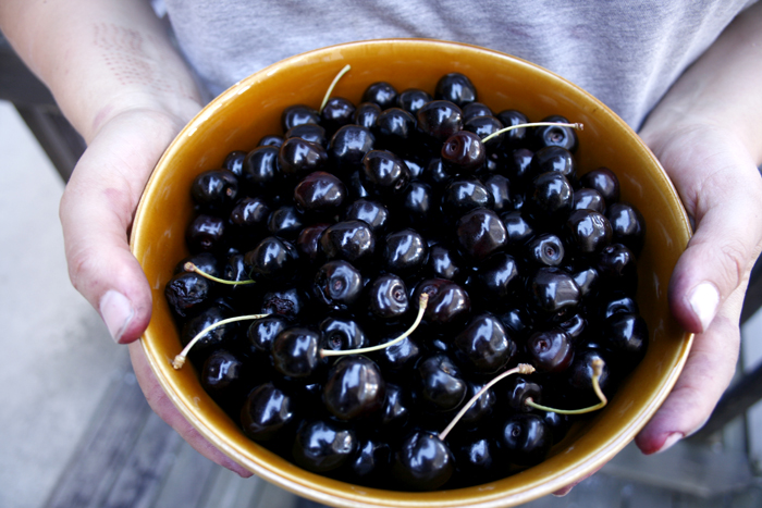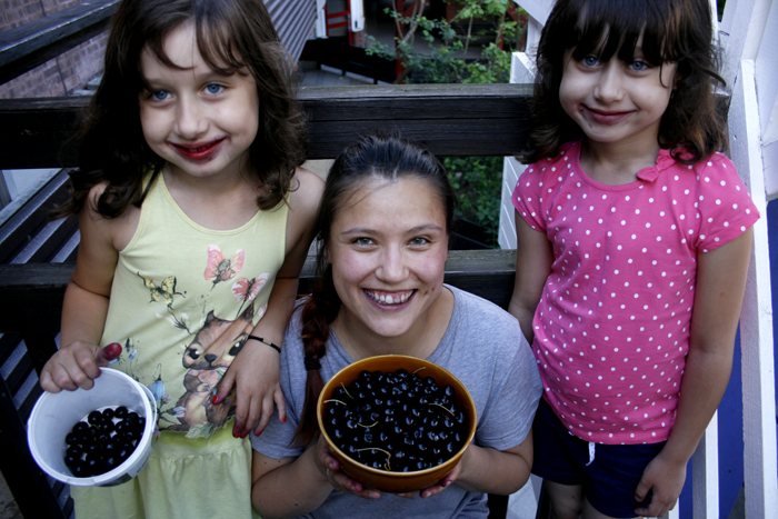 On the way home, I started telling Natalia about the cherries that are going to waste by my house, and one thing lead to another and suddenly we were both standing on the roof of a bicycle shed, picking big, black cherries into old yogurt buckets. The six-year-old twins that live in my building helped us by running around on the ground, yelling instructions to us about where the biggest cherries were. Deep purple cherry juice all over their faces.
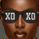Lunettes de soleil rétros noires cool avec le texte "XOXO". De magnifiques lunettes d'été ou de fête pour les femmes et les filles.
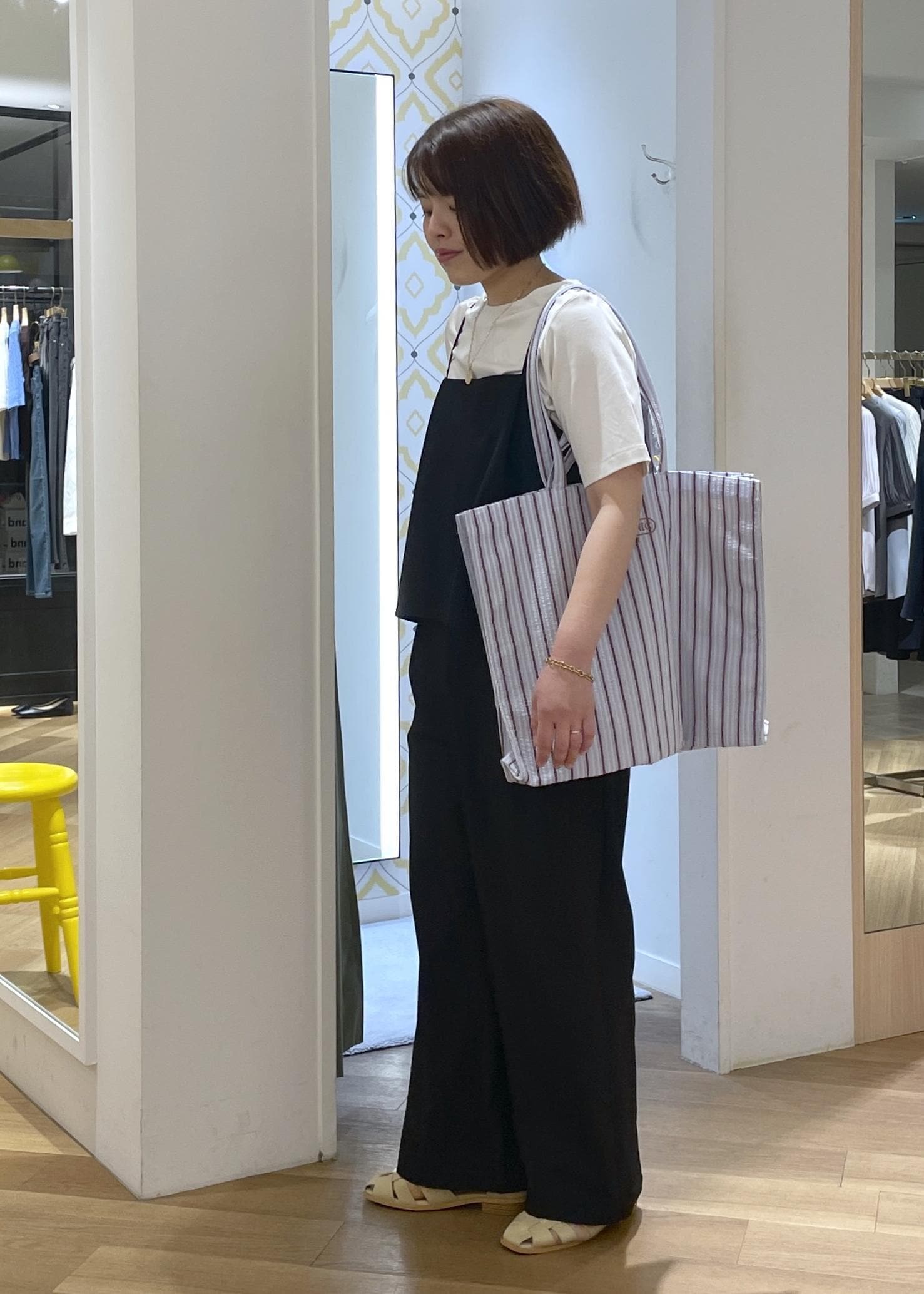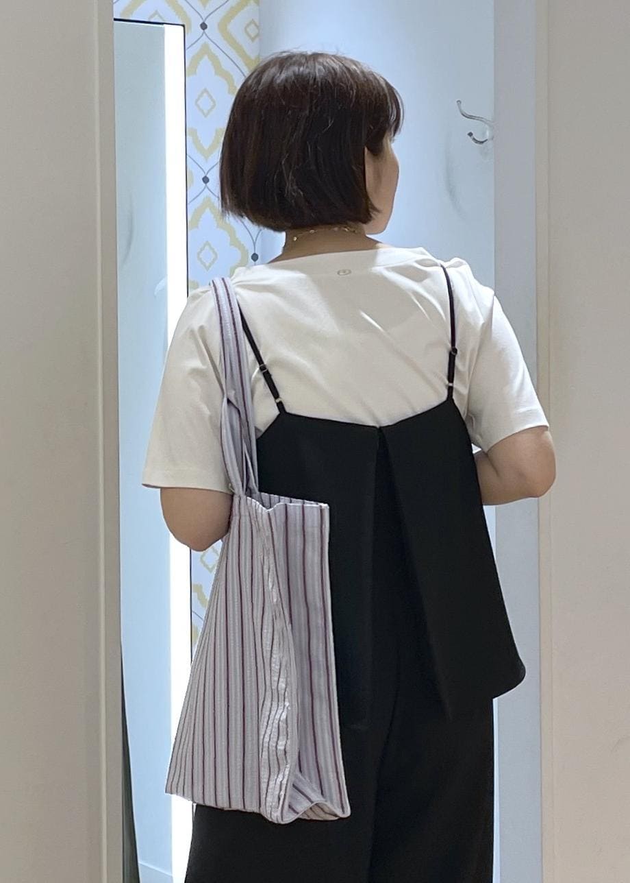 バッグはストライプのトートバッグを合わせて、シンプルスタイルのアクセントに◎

============

_Work instructions_
The material above should be repeated word for word, with every picture omitted.

_Answer section_
 On the way home, I started telling Natalia about the cherries that are going to waste by my house, and one thing lead to another and suddenly we were both standing on the roof of a bicycle shed, picking big, black cherries into old yogurt buckets. The six-year-old twins that live in my building helped us by running around on the ground, yelling instructions to us about where the biggest cherries were. Deep purple cherry juice all over their faces.
Lunettes de soleil rétros noires cool avec le texte "XOXO". De magnifiques lunettes d'été ou de fête pour les femmes et les filles.
 バッグはストライプのトートバッグを合わせて、シンプルスタイルのアクセントに◎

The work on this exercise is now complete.